• [Task requirements]: Where the line containing "子供服 ブラウス ノースリーブ" appears below, begin there and reproduce each line exactly through the last one, omitting pictures.

• [Data provided]:
▶

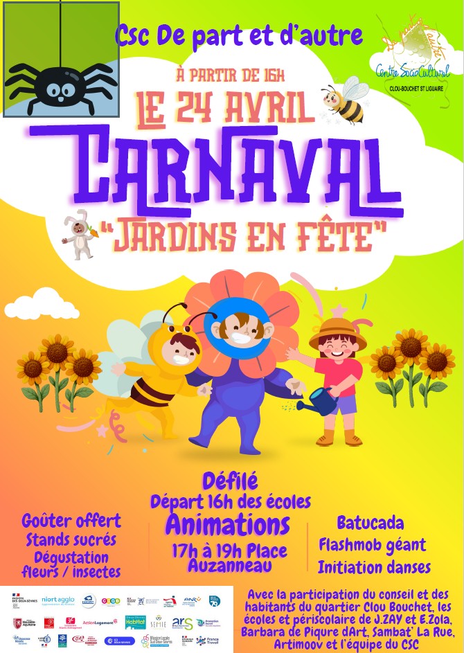 Défilé à partir des écoles à 16h, animations place Auzanneau, goûter offert avec dégustation de fleurs et d'insectes.
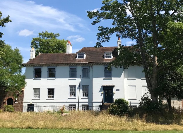 Substantial manor house. Late C17. Brick with later stucco. Plain tile hipped roof to eaves. 2 storeys plus basement and dormers. West facade of 5 bays with 2-bay extension to left. Central bay to original block projects slightly with square headed architraved corniced entrance, reached by steps. Square headed windows, blind to 2 right bays. Sashes, flush frames, glazing bars. Modillion eaves cornice above first floor. 3-bay return to south. Other facades also of architectural interest. Interior retains staircase with strong twisted balusters, some panelling, etc. Built by John Odway, who was granted a building lease in 1680.
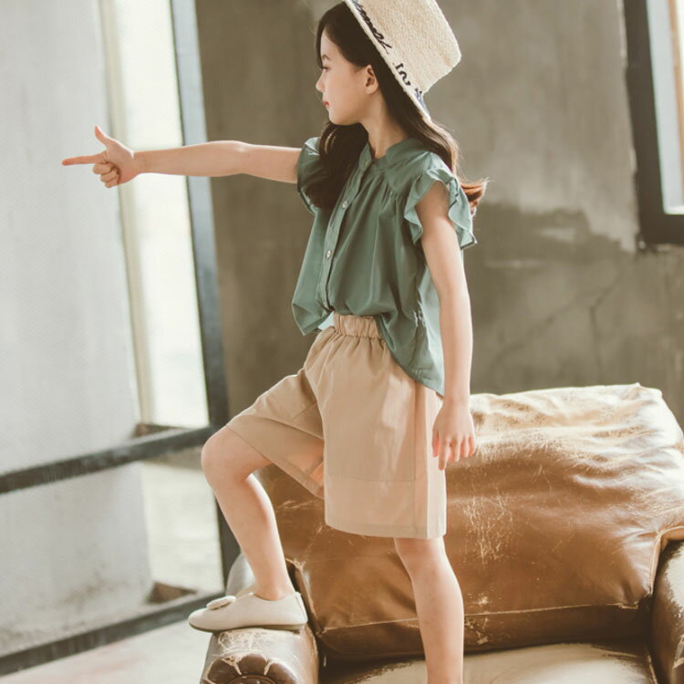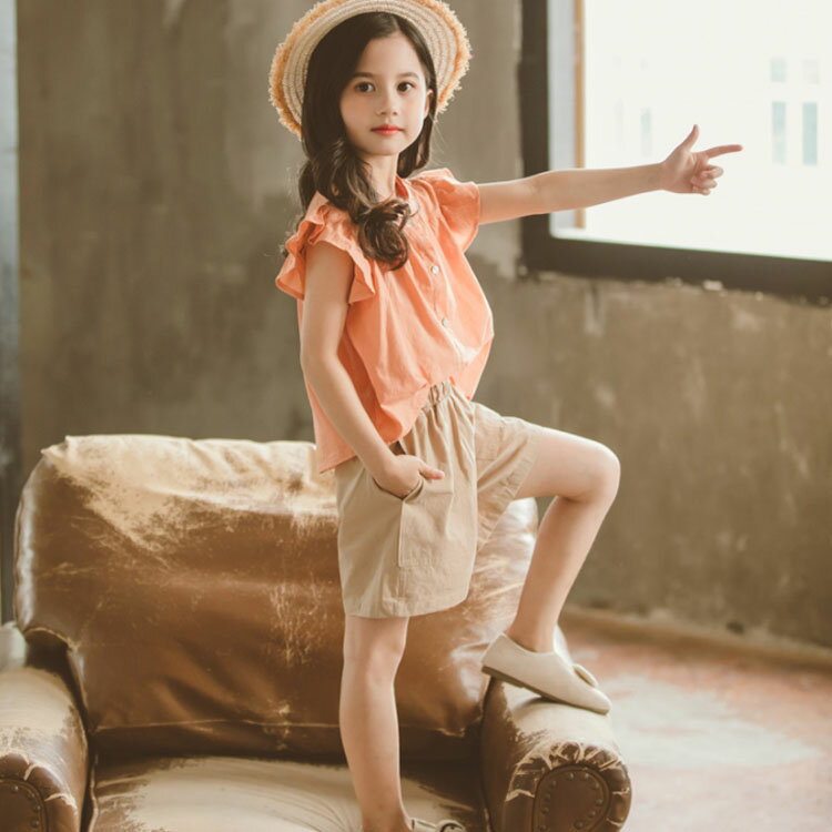 子供服 ブラウス ノースリーブ 女の子 ハーフパンツ 女児 上下2点セット ショートパンツ タンクトップ ジュニア Tシャツ 短パン キッズ
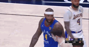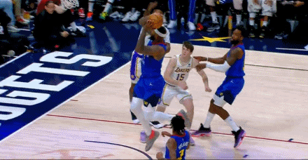 湖人VS掘金,考辛斯上篮被斯坦利扇到脑袋。

◀

• [Your response]:
 子供服 ブラウス ノースリーブ 女の子 ハーフパンツ 女児 上下2点セット ショートパンツ タンクトップ ジュニア Tシャツ 短パン キッズ
 湖人VS掘金,考辛斯上篮被斯坦利扇到脑袋。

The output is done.